Dover Bay Secondary School Grade 10 students Brianne Davies

Nanaimo students learn life-saving skills

NANAIMO – Equipment and training provided through Advanced Coronary Treatment Foundation.

Last week, students at Dover Bay Secondary School demonstrated how to revive someone who has gone into cardiac arrest.

The demonstration was part of a kickoff and donation presentation ceremony at the school Friday morning to launch the Advanced Coronary Treatment Foundation High School CPR and Defibrillator Program in Nanaimo, which will train 1,100 students in cardio pulmonary resuscitation and defibrillation techniques annually in the school district’s six secondary schools.

As part of the program, each school will receive CPR training dummies, automatic external defibrillator training devices, and fully functional units to potentially save a life should a cardiac emergency occur.

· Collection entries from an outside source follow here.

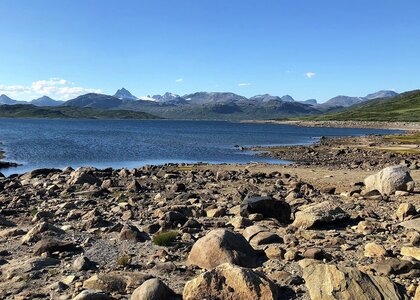 Mette og gode etter maten fra forrige tettsted beveger vi oss ca. 200 kilometer nordvestover. Vi skal til et vann hvor den første betjente DNT-hytten kom i 1870. Vannet som ble oppdemmet for over 100 år siden ligger i en kommune som er vertskap for en av Innlandets mest populære musikkfestivaler.
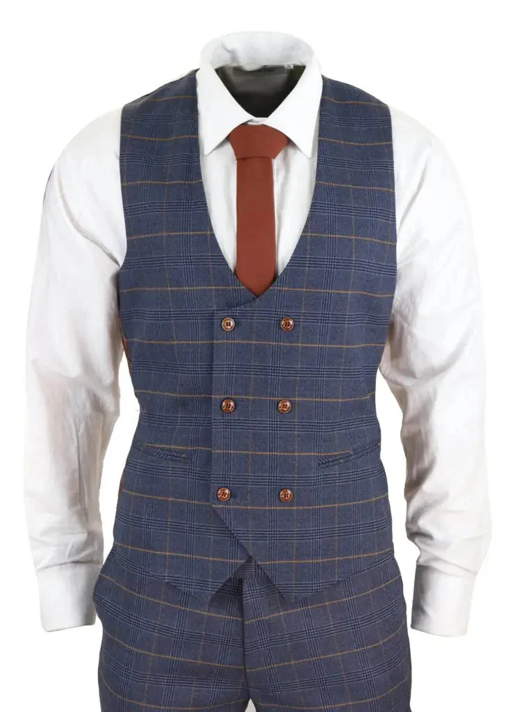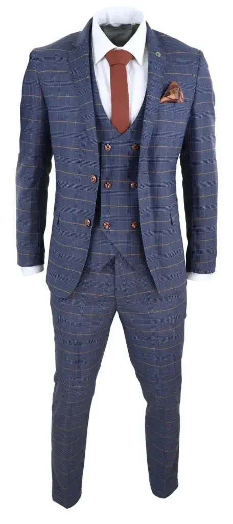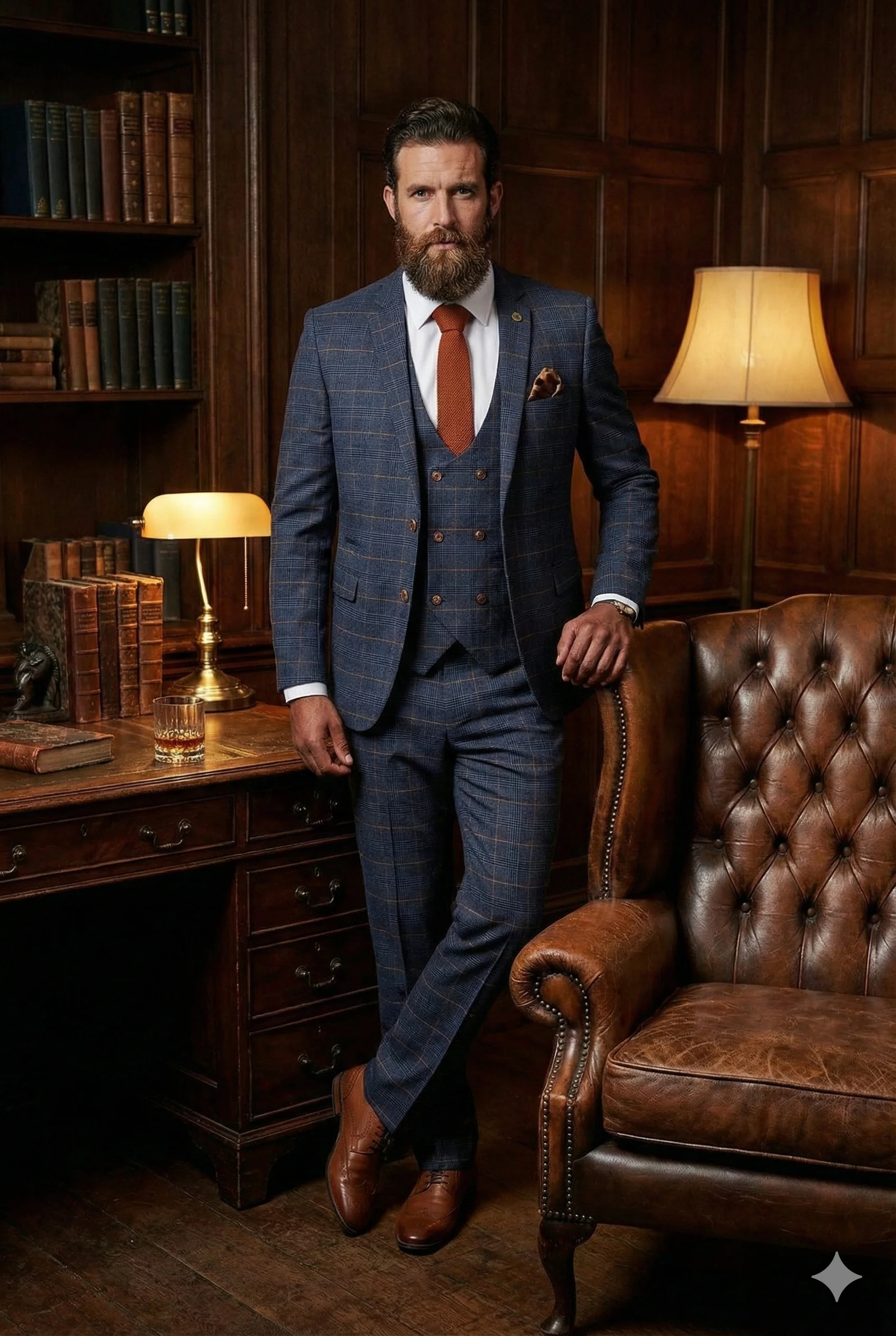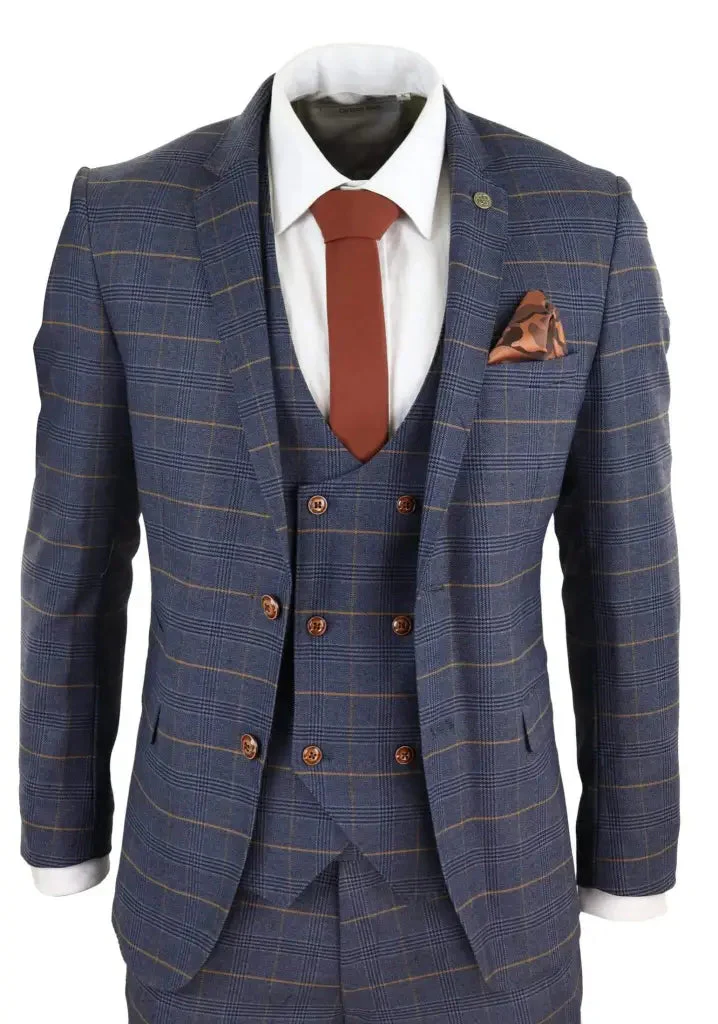 Waarom kiezen voor het ruitpatroon bij het driedelig kostuum Jenson marine blue?
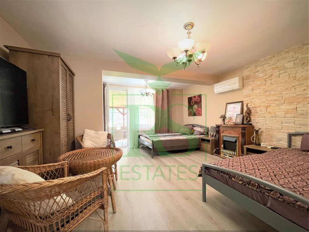 Къщата е довършена и обзаведена в стил „ Рустик” с естествени, масивни материали, камък дърво и текстил. Кухненската част е изпълнена с масивни поръчкови шафове от естествен фурнир и механизми за плавно прибиране “Blumi” , вградените уреди са на марка Gorenje.
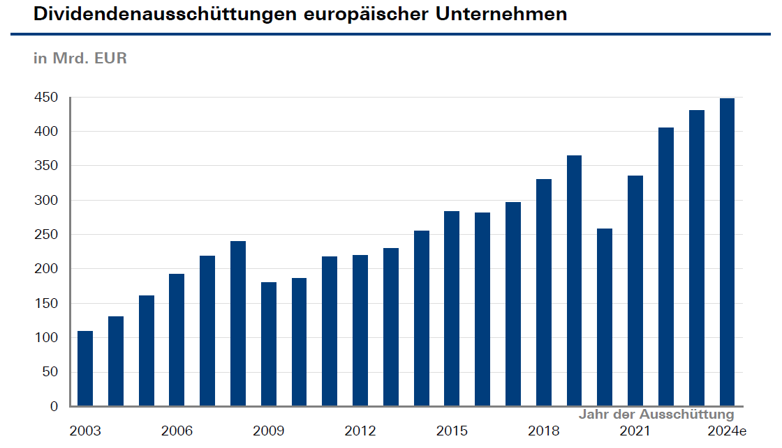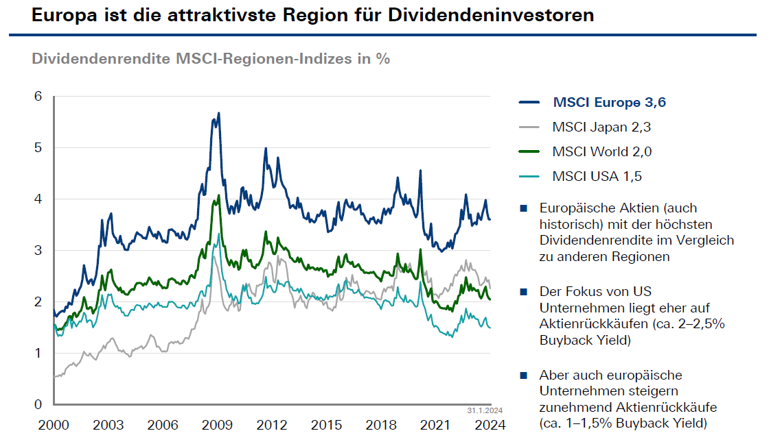 „Die Dividendenparty geht weiter. Nachdem 2023 ein neues Rekordjahr für Dividendenausschüttungen europäischer Unternehmen war, erwarten wir 2024 einen weiteren Anstieg. Wenn Anleger an regulären Ausschüttungen in Form von Dividenden interessiert sind, ist Europa die attraktivste Anlageregion – auch historisch. Europa ist sozusagen das Powerhouse der Dividende. Denn europäische Unternehmen sind im Vergleich zu US-Titeln häufig günstiger bewertet und bieten höhere Dividendenrenditen. Beispielsweise lag die Dividendenrendite Ende März im MSCI Europe bei 3,6 Prozent, im MSCI Japan bei 2,4, im MSCI World bei 2,1 und im MSCI USA bei nur 1,5 Prozent. Gleichzeitig sind die Ausschüttungsquoten europäischer Firmen nicht übertrieben hoch, sie liegen stabil zwischen 45 und 55 Prozent des Reingewinns. Wir haben daher große Positionen in Unternehmen aus Deutschland, Frankreich, Großbritannien, den Niederlanden und der Schweiz im Fonds. US-Unternehmen dagegen fokussieren sich eher auf Aktienrückkäufe.

Representatives from the Royal Bank of Canada’s Nanaimo branches were on hand to present a $20,000 donation to pay for the program locally. The ultimate goal is to have 700 units in schools across B.C.

An automated external defibrillator already proved its worth locally when a 34-year-old man was resuscitated after going into cardiac arrest at Frank Crane Arena in 2014.

“The goal is that [CPR training] reaches all students before graduation,” said Jennifer Edwards, ACT Foundation operations manager. “Every student who goes into Planning 10 will receive the course for free.”

Friday was the first day of training for Grade 10 students Makayla Egan and Brianne Davies who are in Dover Bay’s Planning 10 program. About 200 Planning 10 students will be trained annually. Both girls said they have never had to deal with a real-life medical emergency.

“I just kind of feel better having that in the school,” Egan said. “It kind of creates a security thing.”

Some of that confidence is derived from the defibrillator’s instructions, recited verbally, to guide users through the resuscitation procedure.

“I feel more confident, like if the situation was to happen that I would be able to help the person out,” Davies said. “The device is really easy to use and it helps you out.”

The ACT Foundation is a non-profit charitable organization establishing free CPR and defibrillator programs across Canada and has so far set up ACT High School CPR Programs in 226 public secondary schools across B.C. and trained 281,000 students.